Changing this permissionless regulatory landscape could have a huge impact on the ability of the United States to continue being the leader in many technology areas going forward. Indeed, one huge reason the United States is the leader in innovation and the birthplace of most existing digital technologies is because of its permissionless federal approach to technology regulation, which dates back to the early days of the internet. A shift to a more regulatory approach could lock in big existing players (larger companies such as Facebook or Google) who are better able to absorb regulatory costs while placing insurmountable burdens on smaller upstarts. Additionally, regulations could eliminate options that some consumers prefer in favor of a one-size-fits all approach.

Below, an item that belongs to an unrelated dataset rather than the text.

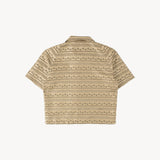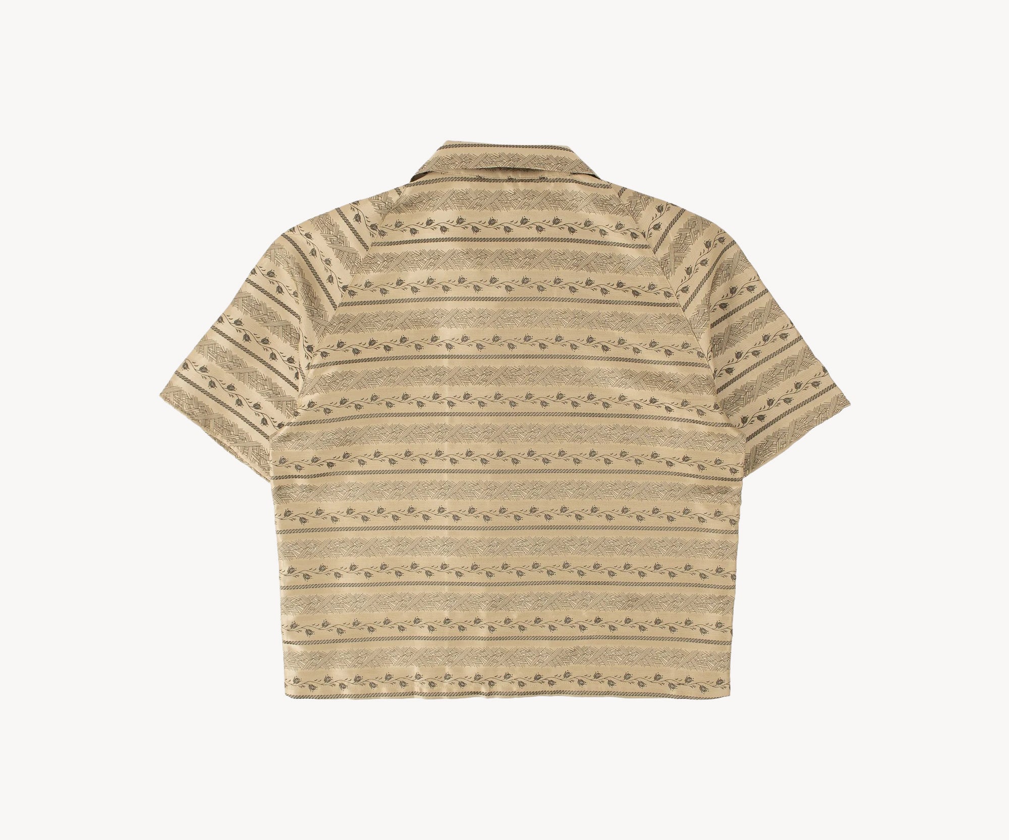 The TIE SHIRT is a mix of two rare shirts we have in our archive from the 1940's and 50's. The design consists of a short sleeves cropped shirt with a loop collar details. It is crafted from different deadstock fabrics which were intended for necktie manufacturing.

Instead of a state patchwork approach, a national framework for data privacy protection is a far better and constitutionally appropriate solution. But a national policy needs to clearly define the harms it seeks to address and balance any potential benefits from privacy protection with possible harms in areas such as free speech and innovation.
In the absence of congressional action, it is likely that more states will continue to consider and enact their own laws like the CCPA and that courts may soon have to grapple with the constitutional questions associated with them. Much easier would be to act on the federal level because of the borderless nature of data and the need by businesses and consumers for regulatory uniformity.